L'Asie va supplanter l'Afrique

Avec près d’un million de tonnes produites par an, le géant démographique africain fait pâle figure par rapport à l’Indonésie, premier producteur mondial avec plus de 20 millions de tonnes par an. Les Nigérians étaient pourtant à l’indépendance de leur pays le leader mondial de l’huile de palme, assurant près de la moitié de la production planétaire. Mais lorsque la culture est devenue vraiment rentable, tirée par les formidables croissances économiques et démographiques de la Chine et de l’Inde, l’Asie a rapidement supplanté l’Afrique, qui est pourtant le berceau de l’huile de palme. L’Afrique pourrait pourtant rapidement rattraper le temps perdu. Mais évitera-t-elle les erreurs de l’Asie, avec une déforestation irrémédiable?

 


C’est bien le souci des écologistes, qui pointent du doigt les erreurs déjà commises, comme par exemple au Cameroun avec la société américaine Herakles. Les «Verts» ont raison. Il est important de défendre la biodiversité, l’habitat des chimpanzés et des papillons. L’avenir de notre planète passe par la défense de l’environnement.

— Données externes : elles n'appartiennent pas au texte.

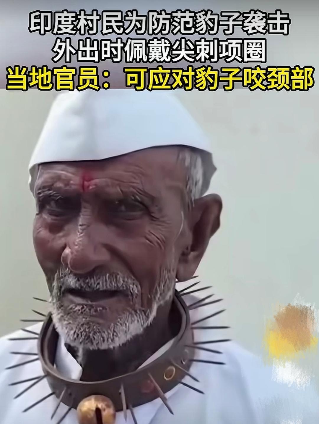 出门必须佩戴项圈。这不是时尚,而是“保命符!” 过去不到一年时间,印度17人死于豹子之口,41人受到不同程度伤害,最小的受害者只有13岁。 为什么要戴尖刺项圈? 印度村民心里清楚,豹子大多数攻击都是对着喉咙一口切断气管,被咬到后连喊救命的机会都没有。 为了活命,村民们把旧皮带拆开,缝上40毫米长的尖钉,这样一条“保命项圈”只需要50卢比。一家老小只要外出都得佩戴,哪怕碰见咬断手脚,至少还能保住一条命。 你不要认为这是小题大做,这就是现在印度某些地区的现实困境。随着国家人口高速增长,森林面积逐渐缩减,野生动物没了栖息之地只能往人类居住区里找转悠。 食物少了,虎、豹闯进村庄偷羊、掏鸡,甚至把人类当成猎物,有时饿急眼的豹子甚至连塑料桶都咬。 这就是印度村民的生存困境。一边是野兽没地可去,一边是村民要讨活路,戴项圈是一种无奈,可对他们来说,活着,才是最大的奢望。 还是少生一点吧,再这么无节制的生,将来真有可能要和豹子、老虎、熊住在一起了。

Et la vigilance reste de mise face à des multinationales qui pratiquent la course au profit immédiat et la politique de la terre brûlée.

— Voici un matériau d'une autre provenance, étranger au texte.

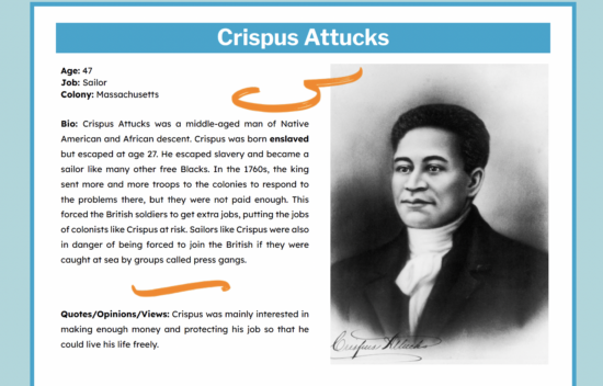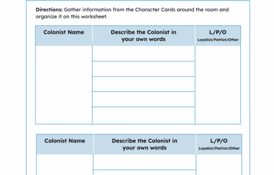 Handout to be used with Colonists Character cards that introduce students to important historical figures.

Mais l’Afrique ne doit pas être la «réserve naturelle» des Occidentaux, hyperindustrialisés, dévorés par un immense sentiment de culpabilité post-colonialiste et brusquement passionnés par l’écologie dans les pays du Sud. Le continent africain doit rapidement se développer pour tirer de la pauvreté des centaines de millions d’habitants. Oui, l’Afrique devra couper des arbres. Comme l’ont fait avant elle l’Europe, les Etats-Unis et la Chine lors de leurs révolutions industrielles. Mais il ne faudra pas en couper trop. La tant vantée «sagesse africaine» sera mise à contribution.